Garden design detail at Hestercombe

We look at the garden design detail in Edwin Lutyens' formal gardens at Hestercombe.

Saturday 26 March 2011
general

‘Squaring the circle’

Of course the real deal with garden design is the spaces you create!

And here at Hestercombe Edwin Lutyens created a formal world of terraces, pools, rills and lawns in which the golden afternoon of Edwardian England is still palpable today.

But, it is the mark of the great designer when the detail of a design satisfies throughout acres of a garden  and thereby unfies the design throughout too.

So it is no surprise that at Lutyens’ Hestercombe you arrive in this Edwardian garden via a rill, itself a foretaste of the twin rills on the terrace below:

And it runs from an quarter sphere arbour  whose profile is mimicked in the quarter sphere niche on the terrace below:

The niche, its pond (which is circular in plan and  hemispherical in depth and half contained in the niche) together with the arc of the water jet from above collectively create an imaginary sphere.

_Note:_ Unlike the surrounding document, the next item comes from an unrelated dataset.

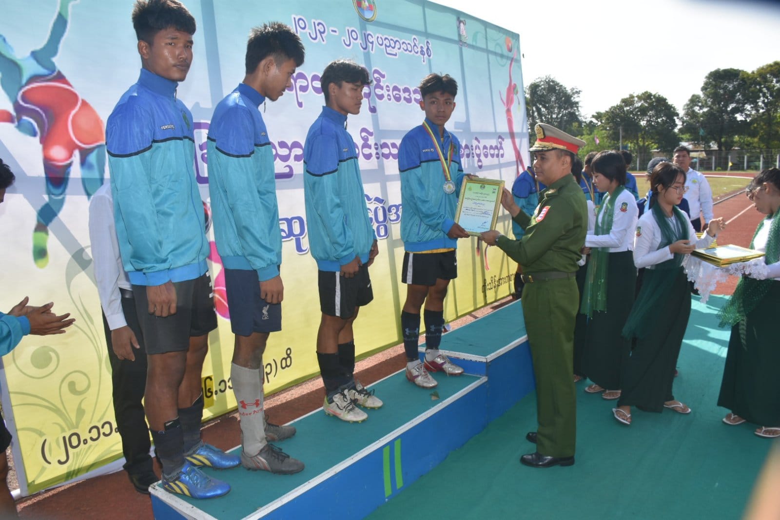 ဆက်လက်၍ ဆုချီးမြှင့်ပွဲအခမ်းအနားကို ပြုလုပ်ရာ အမျိုးသမီးဘောလုံးပြိုင်ပွဲတွင် ဒုတိယဆုရရှိသည့် ခရိုင်အုပ်စု(၄)အား တစ်ဦးချင်းဆုတံဆိပ်နှင့် ဂုဏ်ပြုလက်မှတ်များကို အနောက်တောင်တိုင်းစစ်ဌာနချုပ်တိုင်းမှူး၏ ဇနီးကလည်းကောင်း၊ အမျိုးသားဘောလုံးပြိုင်ပွဲတွင် ဒုတိယဆုရရှိသည့် ခရိုင်အုပ်စု(၃)အား တစ်ဦးချင်းဆုတံဆိပ်နှင့် ဂုဏ်ပြုလက်မှတ်များကို အနောက်တောင်တိုင်းစစ်ဌာနချုပ်တိုင်းမှူးလည်းကောင်း၊ အမျိုးသမီးဘောလုံးပြိုင်ပွဲတွင် ပထမဆုရရှိသည့် ခရိုင်အုပ်စု(၁)အား တစ်ဦးချင်းဆုတံဆိပ်၊ ဂုဏ်ပြုလက်မှတ်များနှင့် ဆုဖလားကို တိုင်းဒေသကြီးဝန်ကြီးချုပ်၏ ဇနီးကလည်းကောင်း၊ အမျိုးသားဘောလုံးပြိုင်ပွဲတွင် ပထမဆုရရှိသည့် ခရိုင်အုပ်စု(၁)အား တစ်ဦးချင်းဆုတံဆိပ်၊ ဂုဏ်ပြုလက်မှတ်များနှင့် ဆုဖလားကို တိုင်းဒေသကြီးဝန်ကြီးချုပ်ကလည်းကောင်း အသီးသီးဆုများချီးမြှင့်ခဲ့ကြပြီး ဆုရရှိသည့်အသင်းများနှင့်အတူ အမှတ်တရစုပေါင်းမှတ်တမ်းတင် ဓာတ်ပုံများရိုက်ကူးခဲ့ကြပြီးနောက် တိုင်းဒေသကြီး ဝန်ကြီးချုပ်က ဧရာဝတီတိုင်းဒေသသကြီး အခြေခံပညာကျောင်းသားအားကစားပွဲတော်အတွက် ထောက်ပံ့ငွေများကိုပေးအပ်ရာ တိုင်းဒေသကြီးပညာရေးမှူးနှင့် အားကစားပွဲတော်ကျင်းပရေး အဖွဲ့ခေါင်းဆောင်တို့ကလက်ခံရယူခဲ့သည်။

The water niche is itself embayed within walls that have a quarter circle section removed and a quarter circle is also the profile of the steps down into the grand plat. The niches on either side of the 'water feature niche' are hemispherical. You would also find these self same niches on the walls of the rotunda. You would equally find them on the walls of the orangery beyond the grand plat.

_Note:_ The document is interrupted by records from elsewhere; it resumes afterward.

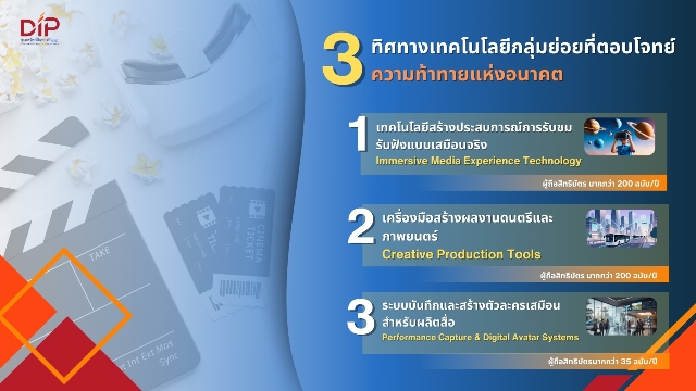 ​อธิบดีกรมทรัพย์สินทางปัญญา กล่าวเพิ่มเติมว่า ปัจจุบันทิศทางเทคโนโลยีกลุ่มย่อยในอุตสาหกรรมภาพยนตร์และสื่อบันเทิง มุ่งพัฒนาใน 3 ด้านสำคัญ ที่ตอบโจทย์ความท้าทายและตลาดแห่งอนาคต ได้แก่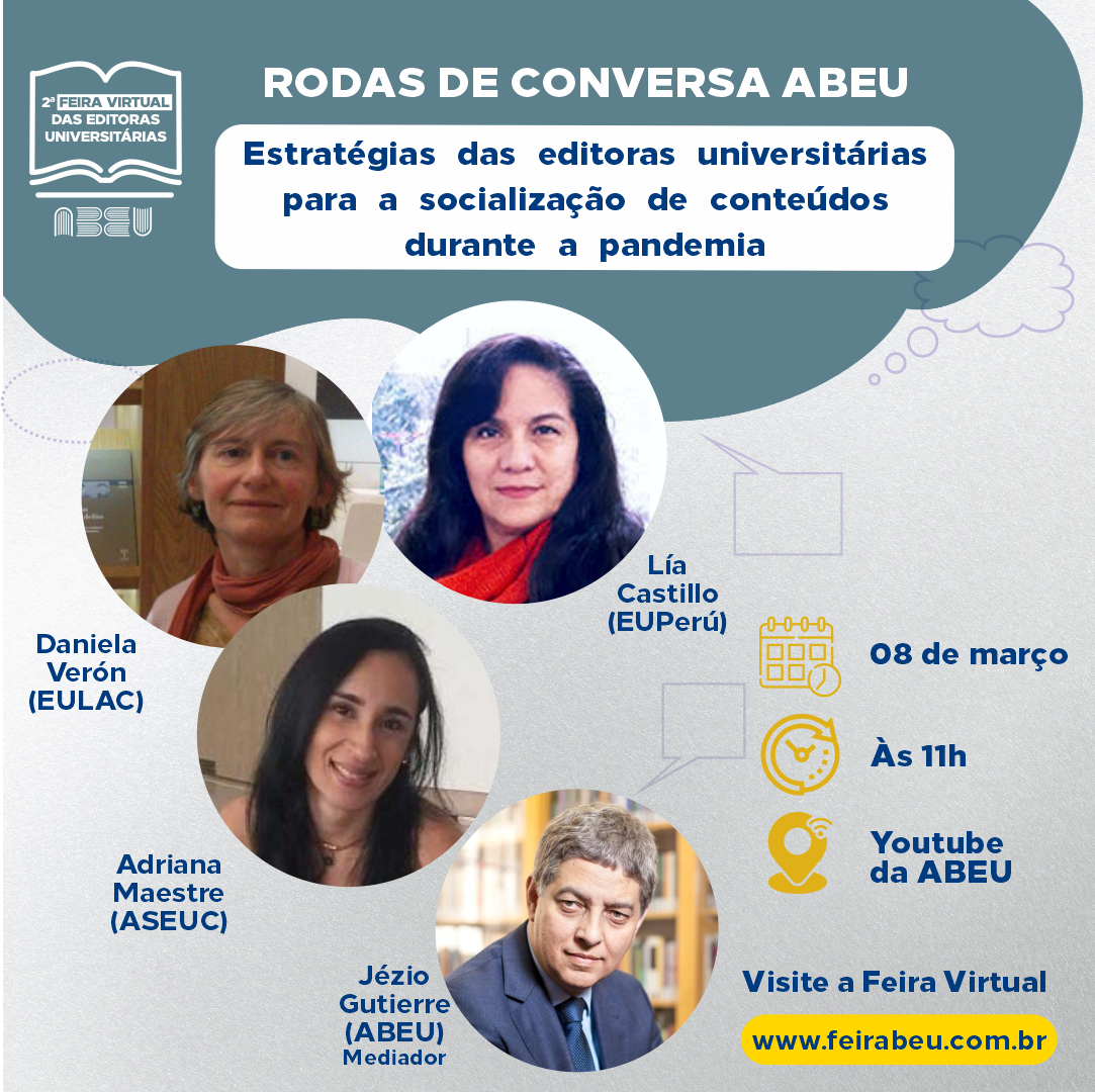 Na ocasião, a mesa será mediada por Jézio Hernani Bomfim Gutierre, diretor de Difusão Editorial da Abeu e diretor-presidente da Fundação da Editora Unesp. Ele irá conversar com Daniela Verón, da Asociación de Editoriales Universitarias de América Latina y el Caribe (EULAC); Lía Castillo, da EU Perú - Editoriales Universitarias e Académicas; e com Adriana Maestre, da Asociación de Editoriales Universitarias de Colombia (ASEUC).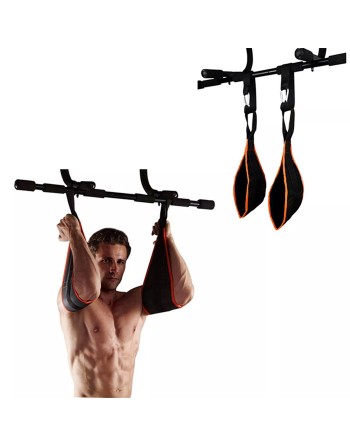 Ιμάντες με 2 γάντζους ασφάλειας που σας επιτρέπουν να πραγματοποιήσετε ασκήσεις εκγύμνασης των κοιλιακών μυών. Μπορούν να τοποθετηθούν εύκολα σε μονόζυγο πόρτας ή μηχανήματος γυμναστικής.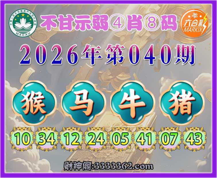 040期: 🀄『不甘示弱』 🀄④肖⑧码🀄【猴马牛猪】开:00准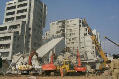 在8日發(fā)生的強烈地震中,巴基斯坦首都伊斯蘭堡一座10層的公寓樓發(fā)生坍塌,數百人被壓埋在瓦礫堆中。目前,20多臺重型機械設備正在現場輪番挖掘殘垣,爭取盡快搜救出受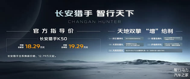 长安猎手K50四驱全域型,让远方没有边界,官方指导价19.29万元;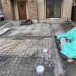 廃材を撤去し、整地して、スロープの造成とコンクリート打設範囲にワイヤーメッシュを敷きました。
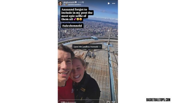 不過在離台後,霍諾德又於社群平台分享此次攀登的珍貴畫面。他在IG限時動態中貼出一張與愛妻站在台北101頂端的合影,並幽默表示,自己先前發文時竟然忘了放上這張「史詩級」自拍照,形容這是所有照片中最具代表性的一張。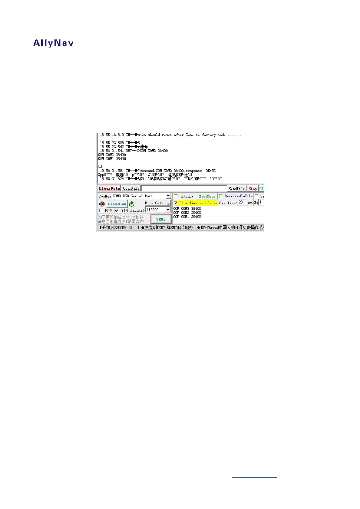 together. We change the Baud rate of COM1 to 38400 after sends

The lawned terrace outside the orangery itself  has a semi circular profile at either end:

This repeats a motif found beneath the Victorian terrace albeit with altered dimensions. And on the grand plat itself. 

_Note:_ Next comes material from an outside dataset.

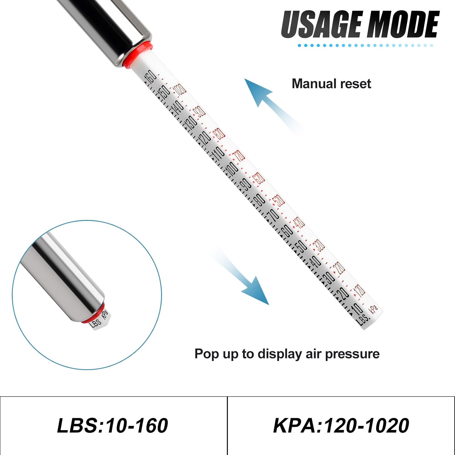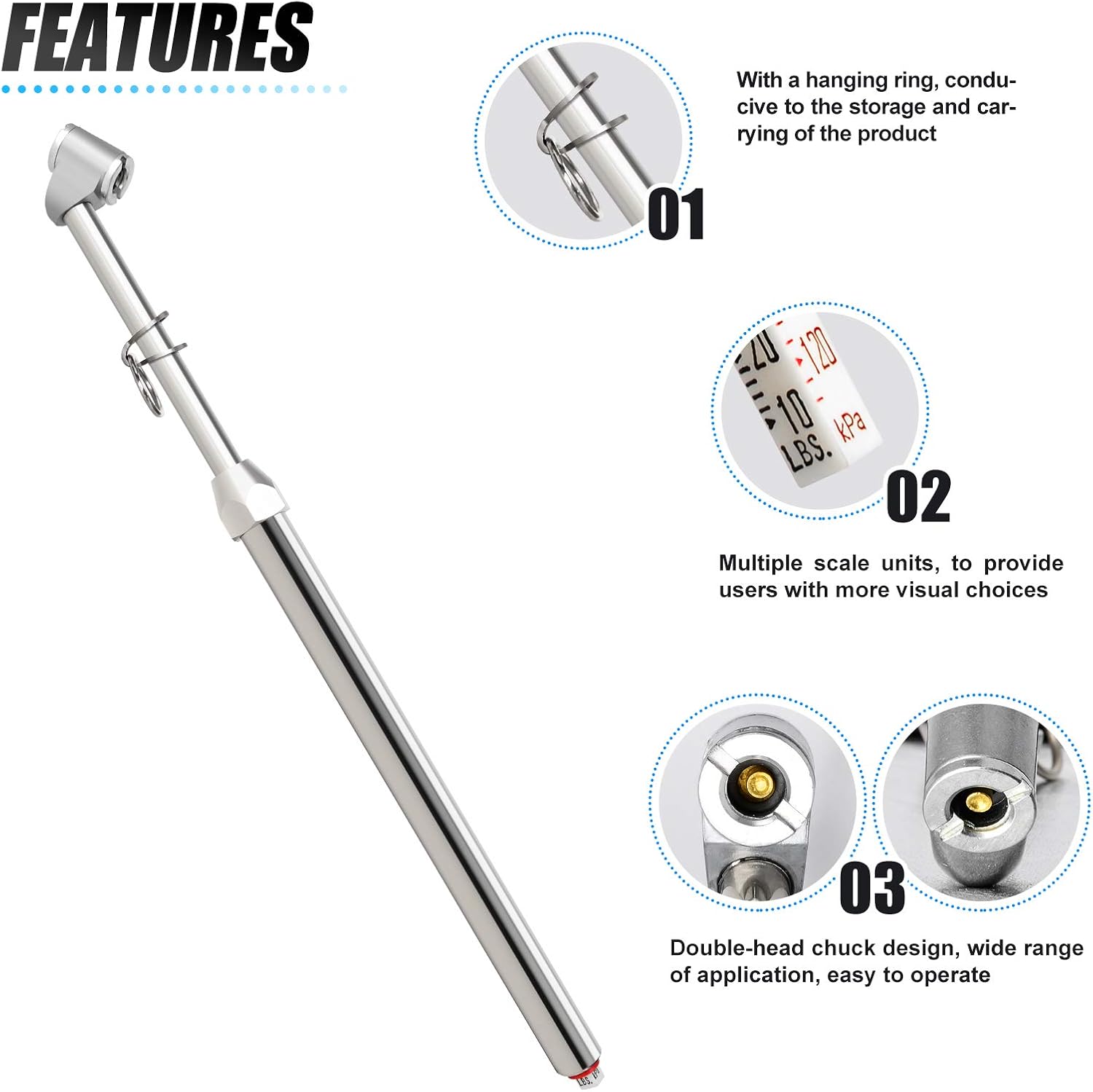 MEANLIN MEASURE 10Pcs Silver Double Straight Type Tire Pressure Gauge,Dual Head Air Pressure Gauge,Pressure Range 10-160 Psi(Suitable for Trucks, etc.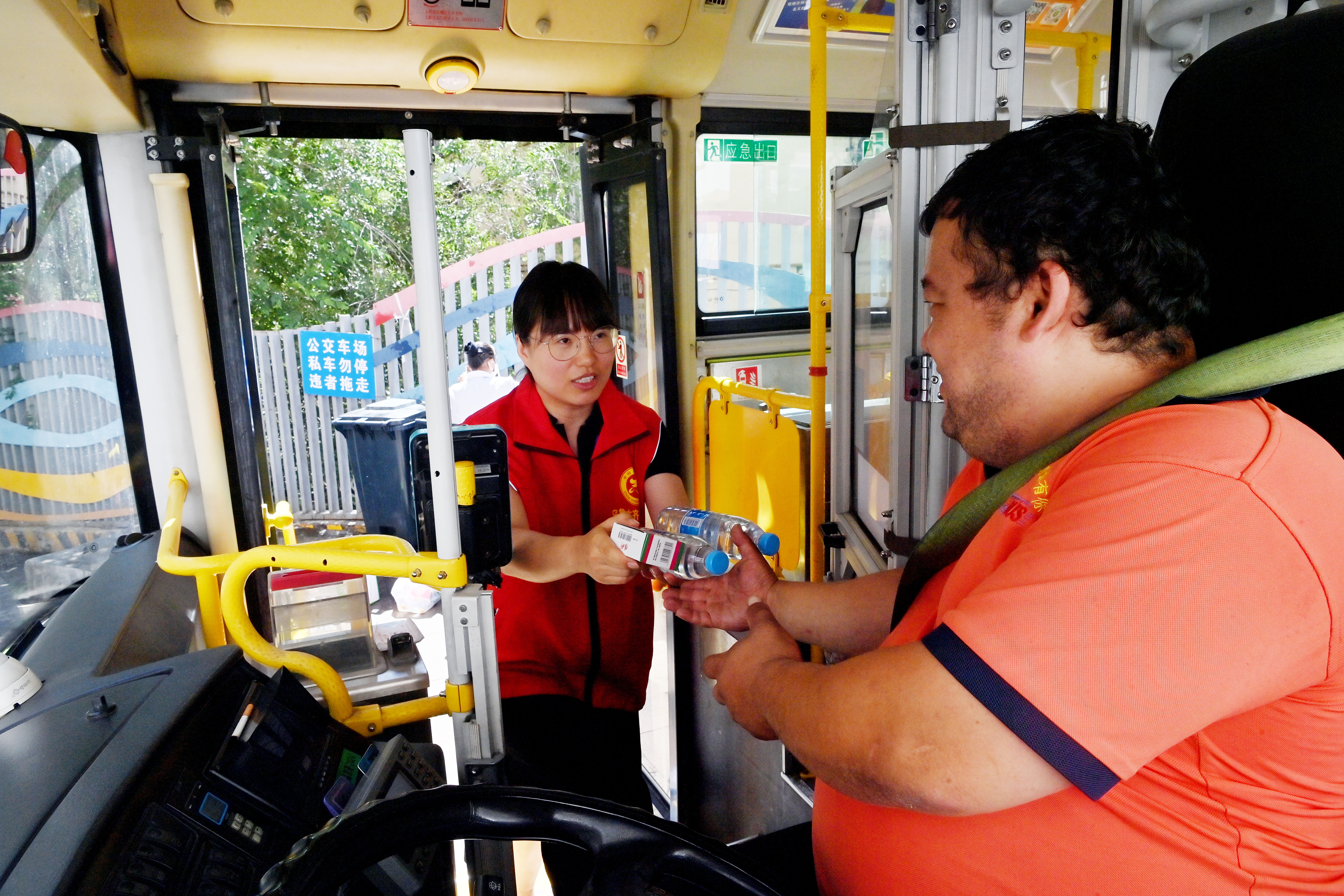 7月8日,社区干部为正在休息的公交车驾驶员送上饮品和防暑药品。石榴云/新疆法治报记者 单坤摄

Outside the orangery, the long linear lawn is interrupted by a circle in its centre. This could mentally take you back to the round pond in the rotunda , the niche pond or finally the circular pools delineated by the loops of paving lining the rill,  the bottoms of which are of course hemispherical!

 

Intriguigingly their bottoms are also ridged with on end stone like the iris of an eye.

Or perhaps you might think of the circles in the paving found throughout, with pupil-like centres composed of nests of terracotta pots.

Oh! This one is centred on a square, of nestling square pots!

Which reminds you of the squares of grass at the centre of the grand plat or the dressed squares of golden stone on the front of the orangery

 and the squares of on - edge stones in the paved terrace below the rotunda.

Of course the pillars of the grand pergola  which itself squares off the plat are in pairs alternately square and circular in cross section.

And the pergola ends in an oval vignette, which is of course just an elongated circle giving a view into the wider estate.

In the wider garden it will not surprise you to learn that the half pillars to the dutch garden are circular in cross section. Or that the circular space at the top of a grand staircase leading away from the house front, has pillars which are square in cross section.

Or that it is paved with a triple circular motif around which the surrounding stones wind and loop as did the paving bordering the rill.

It is a design game. And the game goes on and on. Except that it is of course fun which has been worked at, but made to seem as natural or inevitable as falling off a log!